▶ [What needs to be done]: Omit the pictures and extract only the lines from the line containing "질레트 정품 프로쉴드 옐로우 파워 면도기 핸들 + 면도날 세트, 1세트" to the end of the material, each exactly as written.

▶ [Input]:
········
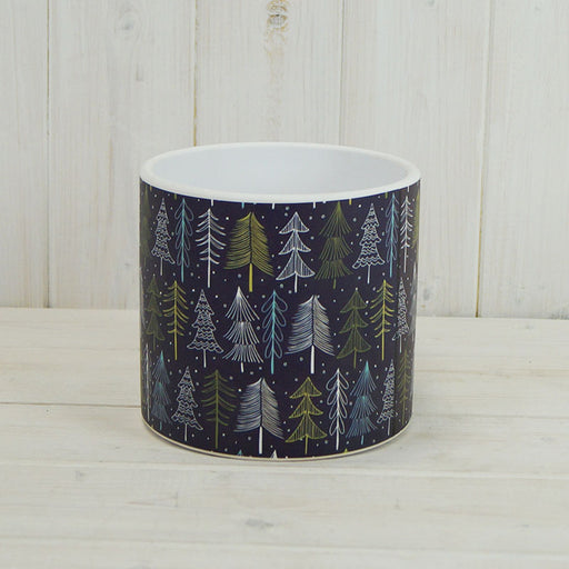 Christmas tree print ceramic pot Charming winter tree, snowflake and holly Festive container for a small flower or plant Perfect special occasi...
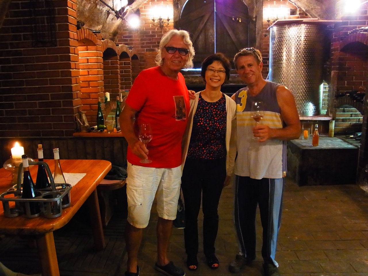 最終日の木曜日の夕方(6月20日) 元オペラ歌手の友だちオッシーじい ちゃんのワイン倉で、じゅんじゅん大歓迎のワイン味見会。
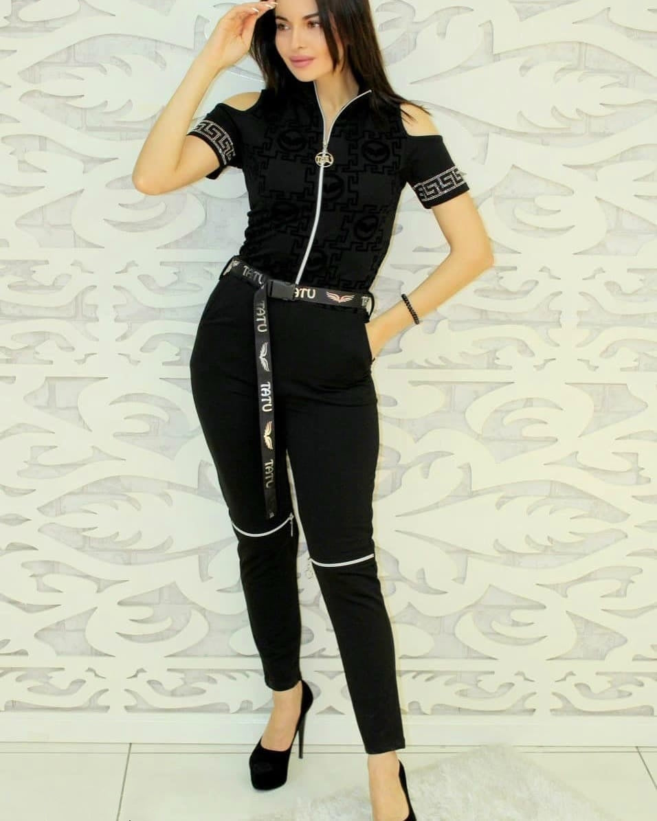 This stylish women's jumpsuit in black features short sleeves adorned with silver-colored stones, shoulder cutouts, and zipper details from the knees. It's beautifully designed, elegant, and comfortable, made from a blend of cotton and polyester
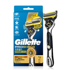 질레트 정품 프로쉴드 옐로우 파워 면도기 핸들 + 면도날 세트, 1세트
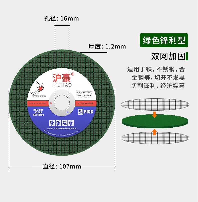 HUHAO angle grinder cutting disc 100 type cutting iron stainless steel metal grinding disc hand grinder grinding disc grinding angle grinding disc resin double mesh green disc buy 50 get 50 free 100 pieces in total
········
▶ [Answer below]:
 질레트 정품 프로쉴드 옐로우 파워 면도기 핸들 + 면도날 세트, 1세트
 HUHAO angle grinder cutting disc 100 type cutting iron stainless steel metal grinding disc hand grinder grinding disc grinding angle grinding disc resin double mesh green disc buy 50 get 50 free 100 pieces in total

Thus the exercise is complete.